Italy Conducted De Facto Push-Back of Migrants By Ordering Cargo Ship to Rescue and Transport Migrants to Libya

Just over a week ago Italian search and rescue authorities directed two commercial ships, an oil tanker and a cargo ship, to rescue two groups of migrants in distress off the Libyan coast.  After taking the migrants on board, both ships were ordered to transport the migrants to Libya.  One ship’s captain complied with the order and 96 migrants were turned over to Libyan authorities; the other captain refused and a several day stand-off between Malta and Italy resulted before Italy agreed to allow the migrants to be disembarked on Italian territory (see Malta Today: Malta blocks rescue ship from entering Malta waters; Malta orders ship to sail to Libya; Conditions on rescue ship worsen). 
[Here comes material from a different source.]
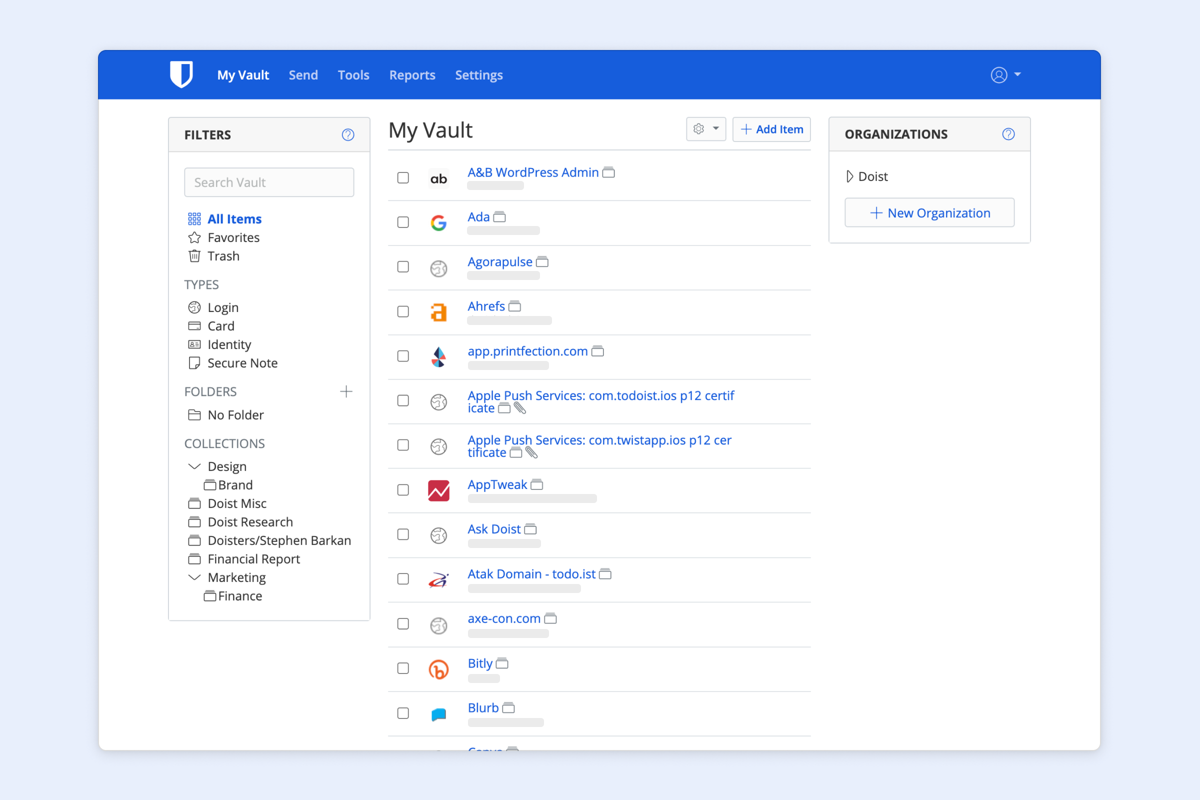 With Bitwarden, the whole team can find usernames and passwords in one place and the built-in authenticator code generator makes 2FA a breeze even for shared logins. Admins can control access to password collections so people only have access to the logins they need. You can rest assured that your accounts are as secure as possible without slowing down your team's work.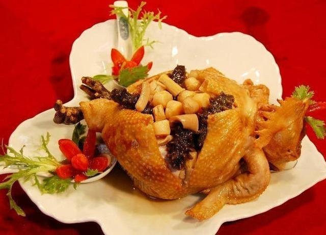 布袋鸡,作为济南夏津县的地方传统名吃,以其独特的制作工艺和口感赢得了无数食客的喜爱。布袋鸡选用整鸡为原料,通过巧妙的手法将鸡肉去骨,然后填充上丰富的馅料,如海参、鲍鱼、火腿等,再经过蒸制而成。布袋鸡肉鲜馅大、肥而不腻、香嫩可口,每一口都能感受到鸡肉的鲜美与馅料的丰富。布袋鸡不仅是一道美味的佳肴,更是一道展示烹饪技艺的艺术品。

The incident involving the two ships was by no means rare and what transpired raises a host of important issue. It is obviously good that one ship was permitted to disembark the rescued migrants on Italian territory.  But what transpired with the second ship that returned the rescued migrants to Libya is extremely problematic and amounted to a push-back.  Neither Italy nor Malta should be able to evade their responsibilities to consider asylum claims by ordering commercial ships to engage in rescue operations and then issuing orders to those commercial ships to return potential asylum seekers to a country such as Libya which is not a signatory to the Refugee Convention.

I copy below my recent commentary from Malta Today:

Was the captain of the Salamis right?

We asked Prof. Niels Frenzen about the legal implications of commercial ships effecting the rescue of migrants at sea on behalf of coastal states.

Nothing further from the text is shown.